Pebworth was a fact-specific case, driven by the totality of the circumstances, in which the OCCA found that the defendant had abandoned the weapon, thereby severing any nexus between possession of the weapon and the underlying felony. Id. at 607. The OCCA rejected Mr. Brown's argument that his attorney was ineffective in failing to argue for Pebworth's application to the facts of this case. Responsible jurists could not disagree that the OCCA's determination does not represent an unreasonable application of federal law or an unreasonable application of the law to the facts. 28 U.S.C. § 2254(d). Mr. Brown has not shown his entitlement to a COA on this issue.

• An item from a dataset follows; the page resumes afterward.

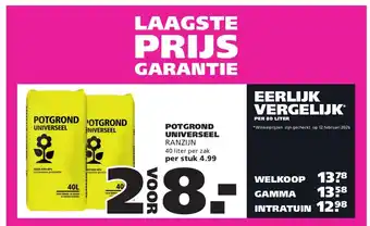 De prijs van de Potgrond universeel kan ook teruggevonden worden hierboven op de pagina, samen met de datum van wanneer de aanbieding beschikbaar is. Ook kun je de prijzen in de huidige Ranzijn folder of op de Ranzijn website controleren. De aanbiedingen verzekeren je van het kopen van de Ranzijn producten voor de laagste prijs.

Finally, Mr. Brown contends that his appellate attorney should have argued that the affidavit for search warrant in his case was not adequately corroborated. The OCCA rejected this claim of ineffective assistance. The district court concluded that under the circumstances of this case, a challenge to the sufficiency of the warrant in the OCCA appeal would not have been successful. We agree. Mr. Brown has not shown his entitlement to a COA on this issue.
This court DENIES Mr. Brown's request for a COA, and DISMISSES this appeal.
Entered for the Court
PATRICK FISHER, Clerk
By: /s/A.J. Schuler
*. These counts, charged in state case No. CRF-98-2, were tried at the same time as separate counts charged in state case No. CRF-98-269. Mr. Brown was also convicted on the counts charged in No. CRF-98-269. He filed a separate petition for habeas corpus as to those counts, which the district court denied. We denied a COA to appeal from the district court's denial of his previous habeas petition. Brown v. Workman, No. 02-6041, 49 Fed. Appx. 269 (10th Cir. 2002), petition for cert. filed (U.S. Feb. 4, 2003) (No. 02-9232).
2. The OCCA's decision on Mr. Brown's application for post-conviction relief does not appear in the appellate record in this case. It does appear, however, as an attachment to the state's brief in a related case in this court, No. 02-6041, from where we obtained and reviewed it.
3. We also note that at closing argument, the state directed the jury to consider its first-stage verdict as evidence that the Count III possession elements had been satisfied, without objection from Mr. Brown. Trial Tr. Vol. I at 297.